To describe the smallest normal subgroup containing $S$, we do something similar.  We want for $s^g$ to remain in the group for any $s\in S, g\in G$, so we define $S^G=\{s^g:s\in S, g\in G\}$.  Then $\langle S^G \rangle$ is precisely what we want: the smallest subgroup of $G$ containing $S$ and all conjugates thereof.  As you can see there is no difference in these definitions if $S$ is a subgroup.
This actually has a name: $\langle S^G \rangle$ is the normal closure, or conjugate closure, of $S$ in $G$.  A bit more information on normal closures can be found here, though not much can be said about them in general without looking at specific cases.

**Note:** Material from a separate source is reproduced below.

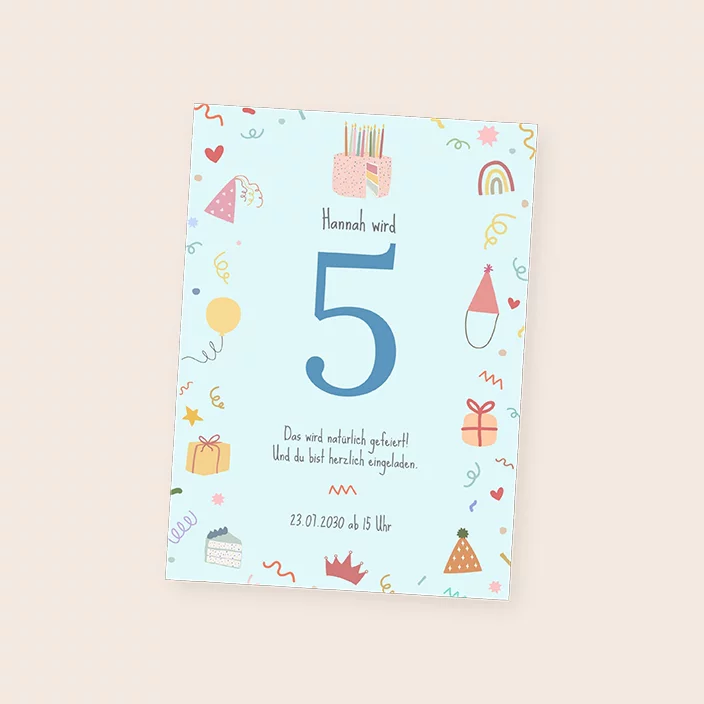 Die Einladung zum Geburtstag ist der Startschuss zur Feier. Kreativ gestaltete Einladungskarten vermitteln nicht nur alle wichtigen Infos, sondern steigern auch die Vorfreude der kleinen Gäste auf die Party. Falls Sie noch auf der Suche sind nach passenden Einladungskarten: Bei uns können Sie Ihre Einladungskarten zum Kindergeburtstag gestalten mit eigenem Text und Fotos oder können liebevoll designte fertige Karten im Set nutzen, um zum Kindergeburtstag einzuladen.

A: It's going to be very complicated, nowhere near as simple as the description of the ideal generated by elements of a ring.  For example, in the free group on 2 letters $a$ and $b$, the smallest normal subgroup containing the single element $aba^{-1}b^{-1}$ consists of all words where the signed total number of $a$'s (i.e. counting $a^{-1}$ as negative) equals the signed total number of $b$'s.  And this is a relatively simple case to determine.  In general, there exist group presentations having unsolvable word problem, i.e., there is no algorithm for determining whether a particular word belongs to the normal subgroup generated by the relations, and those cases will be extremely complicated.